In agrarian China, 80 to 90 percent of the population lived in rural areas, most of them in nucleated villages concentrated in plains and valleys. In less productive areas of northern China and in mountainous areas in the south, villages rarely exceeded a few hundred in population; in more productive rice areas in eastern and southern China, a village could contain two thousand or more people. (In much of Sichuan and a few other areas, isolated farmsteads predominated.) Before the advent of modern transport, each village was within walking distance of a standard market town, a basic-level urban center with a periodic market and one or more commercial streets with small stores and teahouses. From the standard market town, with a thousand or a few thousand people, up to the largest cities, containing several hundred thousand each, there was a hierarchy of commercial and administrative centers, each level with a larger population, more commercial activities, and more services available.

Traditional rural housing was built of tamped mud or sun-dried mud bricks in most areas, or of fired bricks for those who could afford them. House styles vary regionally; the most common general variants are houses built on two, three, or four sides of an enclosed courtyard, usually with peaked thatch, tile, or slate roofs, and multistory houses (usually of brick and often with flat roofs) built in rows along a street, with courtyards in front or in back. Both types, in higher-density arrangements, were also found in traditional cities; courtyard housing predominated in primarily residential areas and row housing, often with the store downstairs and the family quarters upstairs, in commercial areas. Wealthier families built larger and more elaborate structures on the same principles.
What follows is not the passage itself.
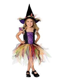 It is comprised of a pretty glitter witch tutu dress and matching hat. Available in:

In recent times all these styles are still found, but in large cities most housing built since 1949 on the mainland has consisted of four-to-six story (and more recently much taller) concrete apartment blocks in which families are allocated one or more rooms. In Taiwan urban housing is also of the apartment-block type, but apartments are much larger and better appointed. Over the past 40 years or so, rural housing of mud has gradually been replaced by more substantial brick and/or concrete structures; mud houses disappeared in Taiwan in the 1970s and in some parts of the mainland in the 1980s, but in more remote and poorer parts of mainland China people are still building new mud housing.